What's Your Excuse, Now?

Friday, November 2, 2007

One-sided Relationships

I expect to get in hot water over this because many people believe that love should be 100%. But you can’t get 100% from everyone including the person you love. Most relationships are lop-sided, uneven and unfair. But that’s life, too! Step back and be objective about past relationships. Thinking back, haven’t you noticed that whenever you fell in love with someone, you start by falling flat on your face? You love her, she loves someone else. So you begin the task of getting her to notice and fall in love with you. You are already trying to push the snowball uphill and you get tired pretty quick, but you don’t give up because you’re keeping hope alive. Wake up! Every now and then, you recognize and she recognizes that there is potential with the two of you. Both of you put forward the effort and once in a while it works out. But think, which one of you love the other more? Who learned the lesson from breakups and broken hearts? Can it be balanced enough? One thing is guaranteed. Any relationship is hard work and if you both intend for it to last, take the good with the bad. And if you want to give 100%, go ahead. If it doesn’t work out, don’t get all broken up and hurt someone. Nobody forced you, you made the choice.

Tuesday, October 30, 2007

What Does a Man Want?

Many of us have misguided ideas about future relationships. We want a model on our arms but at the same time we would like to have her as our “best friend.” How many of us have the privilege of being able to have at least one of those choices? How many of us don’t get either? We’re hardly able to find a partner more so than a mate. And we wonder why so many relationships end on sour notes. We get into them for the wrong reasons. Lust fulfills us for the moment, lust does it temporarily. But it’s a lot more than just an orgasm. We all know how long that can last, just not long enough. Guys, we can’t fool ourselves. Maybe we are in it just for the nookie, but keep it real, we want more than that. When we are in love, it does, feel good! We just don’t know how long it will last. Maybe some of us tend think that love is temporary.

Well, What Do We Want?

What do you want from the person? What do you want from the relationship? Look for it, find it and stick to it. Trust and honesty can not be bought. They are gained by communication and closeness. If you have a high work ethic, you would want someone to at least work full-time. And show a desire to work steady. Hey, you know exactly what I am saying. But that’s just the tip of the iceberg. Once, you let a liar get away with the “stretch” of the truth. It’s on! It’s easy for them to hold back. They justify it so well. The biggest setback is the liar thinks that you don’t listen and not smart enough to know what he/she is saying. All of us have some code of morals. For some guys, it’s not noticeable at all. But it’s there. We can’t continue to use excuses from childhood, environment, society and education to disrespect our women. Yeah, there are women that don’t respect themselves but let’s not try to figure that out. We all have problems, don’t complicate them.

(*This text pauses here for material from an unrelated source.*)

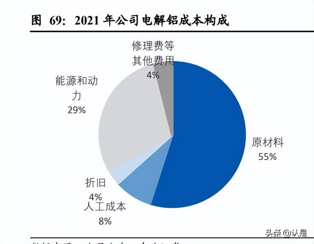 所需电力完全来自自备电厂,电解铝成本较低。电解铝行业发展较为成熟,生产工 艺简单,企业竞争力主要体现在生产成本及销售运输方面。电力费用占电解铝总成 本近 1/3,公司在霍林河地区已经形成煤电铝联动产业链,拥有距离煤炭产地近的自 备电厂,具有电力成本优势。公司自备电厂目前装机容量共 220 万千瓦,具体包括 180 万千瓦火电机组(两台 10 万千瓦、两台 15 万千瓦、两台 30 万千瓦、两台 35 万千瓦)与循环经济示范工程 40 万千瓦就地消纳风电示范项目(总核准 80 万千瓦, 目前正在进行第五期 20 万千瓦风电项目建设)。自备火电机组分布于公司煤矿附 近,煤炭采用皮带运输,为公司煤炭开采过程中的伴生产品,经济性优势明显,并 且环保全部达标,为电解铝行业全国首例煤电铝烟气污染物趋零排放示范工程,环 保优势明显。2021 年,公司电解铝成本为 12125 元/吨,其中电力成本为 3531 元/ 吨,公司每吨电解铝平均消耗约 1.358 万度电,测得公司实际电力成本仅为 0.26 元 /度,低于全国平均燃煤基准价,相比燃煤基准价每吨可节省电力成本约 1456 元。 考虑到国家发改委严禁对电解铝行业实施优惠电价政策,要求工商业电力用户全部 进入电力市场,且高耗能企业市场交易电价原则上不封顶,公司自备电厂优势更加 凸显。电价大幅上涨将进一步优化行业格局,公司作为电力、煤炭完全自供的电解 铝生产商有望从中获益。

Relationships Are Hard Work

Who learned the lesson from breakups and broken hearts? Can it be balanced enough? One thing is guaranteed. Any relationship is hard work and if you both intend for it to last, take the good with the bad. And if you want to give 100%, go ahead. If it doesn’t work out, don’t get all broken up and hurt someone. Nobody forced you, you made the choice. Get the hell out and move on!

Move On

A broken heart takes a while to mend. You can appear to behave foolishly when you are too wrapped up in love. You can’t act or think rationally. You become out of control. Jealousy sets in and you become a complete idiot. Hey! If you are not wanted, let it go! Jealousy complicates things. It can cause major problems with too many people. Sometimes, people can cause you major problems. Long-term problems. Your irrational action can mess you up. So don’t be stupid. Move on! Men have a longer recovery period than women after a break up. We take the break up to heart and want to retaliate. We can’t forgive as easily as women do. But none of us will forget.

The Basis of Love

Hope and love are strong words. They even have biblical connections. Do not play with them! Is your future love worth it? Can you see yourself with that person? Ask yourself. Is your partner pushy, domineering? Do you feel each time you see each other, you have to undergo an inspection? Are you critiqued about what you wear or how you behave? Marriage is not a game and you want a partner not a cell mate. When hope ebbs, soon will your love. I truly do not believe that any relationship is easy. How deep is that relationship? Was it built on the curves, the hardness, and the softness? The image looks great for now. How important is the image after several years when gravity and age comes? How deep is your maturity, more importantly your love, to see pass that? I know if the loving is good and the body is right, you’re in it for the long run. At least, while it lasts. Then when the change come, what are you going to do?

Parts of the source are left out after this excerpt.